The model reads tool definitions the same way it reads instructions — vague definitions produce inconsistent calls. When generating a <tool_policy> section, every tool must have:
- A one-sentence purpose description stating what it does, what it returns, and when to use it
- Descriptive parameter names (not
a, b, x, data) that make the parameter's role self-evident
- A per-parameter description and, where non-obvious, an example value
- A usage constraint if relevant: when NOT to call it, rate limits, caching behaviour
Wrong: fetch_data(a, b) — "Gets data"
Right: fetch_product_page(supplier_id: str, sku: str) — "Fetches a live listing from the supplier API for a specific SKU. Returns price, stock, and shipping options. Call once per SKU per session — results are cached for 24h. Do not call during price validation; use the cached snapshot instead."
Step 5 — Select agent-type template (if applicable)
For known agent types, adapt from the corresponding real-world example in the canonical reference:
- Coding agent — rules of engagement + failure patterns + numeric response style
- RAG / document analyst — trust boundaries + evidence-only answers + exact output sections
- Support action agent — permission verification + risk policy + action confirmation
- Multi-agent orchestrator — decomposition + delegation policy + worker prompt pattern
For high-stakes work, recommend the Verifier Pattern (Planner / Executor / Verifier split) from the canonical reference.

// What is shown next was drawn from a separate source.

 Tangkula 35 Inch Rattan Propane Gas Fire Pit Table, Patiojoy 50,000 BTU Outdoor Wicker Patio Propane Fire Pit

Step 6 — Deliver variants for agent/system prompts
For simple task prompts: deliver one output.
For agent or system prompts, deliver two structural variants so the user can choose:
- Variant A — XML architecture: full layered structure with explicit section tags
- Variant B — Clean prose: same semantic content rendered as readable prose sections (for teams that find XML heavy in their toolchain)

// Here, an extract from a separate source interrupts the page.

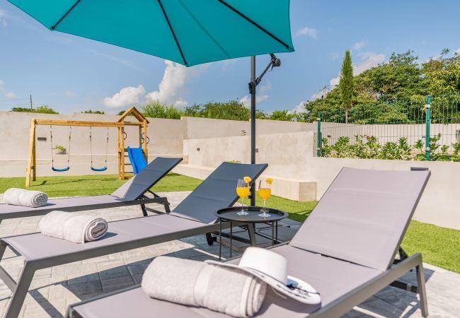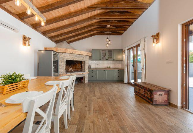 This charming villa is ideal for family vacation, since it is equipped with entertainment for all generations. While adults enjoy sipping cocktails next to the pool, kids can play on the playground which is part of the total plot of the villa. Real gastronomy enthusiast will spend the most of their vacation in a tavern next to the pool where they can prepare tasty dish on the barbecue for whole family to gather around. Villa itself consists of an open plan living room and a dining room with fully equipped kitchen, three bedrooms and two bathrooms. With two double beds , two single beds and one extendable sofa, Villa Zeleni Gaj can comfortably accommodate 8 persons.

Present both variants, then ask the user which to keep or whether to merge elements from both.
See references/example-outputs.md for sample inputs and their expected variant outputs by agent type.
Step 7 — Offer production checklist
For prompts destined for production systems, offer to run the 10-point production checklist from the canonical reference as a self-audit step. Do not run it unsolicited for quick or exploratory prompts.
For complex reasoning tasks, also offer the extended thinking diagnostic: enable extended thinking once, read the scratchpad to surface Claude's implicit reasoning steps, then encode those steps as explicit instructions in the prompt. Disable extended thinking in production — the goal is to extract its reasoning into the prompt itself, not to ship with it on.
Self-improvement
- When the user flags a generated pattern as wrong or suboptimal, update the relevant rule in this SKILL.md or
references/prompt-engineer-master.txt immediately.
- When the user approves a final generated prompt, save it to
assets/approved-examples/ with the input context noted as a comment at the top.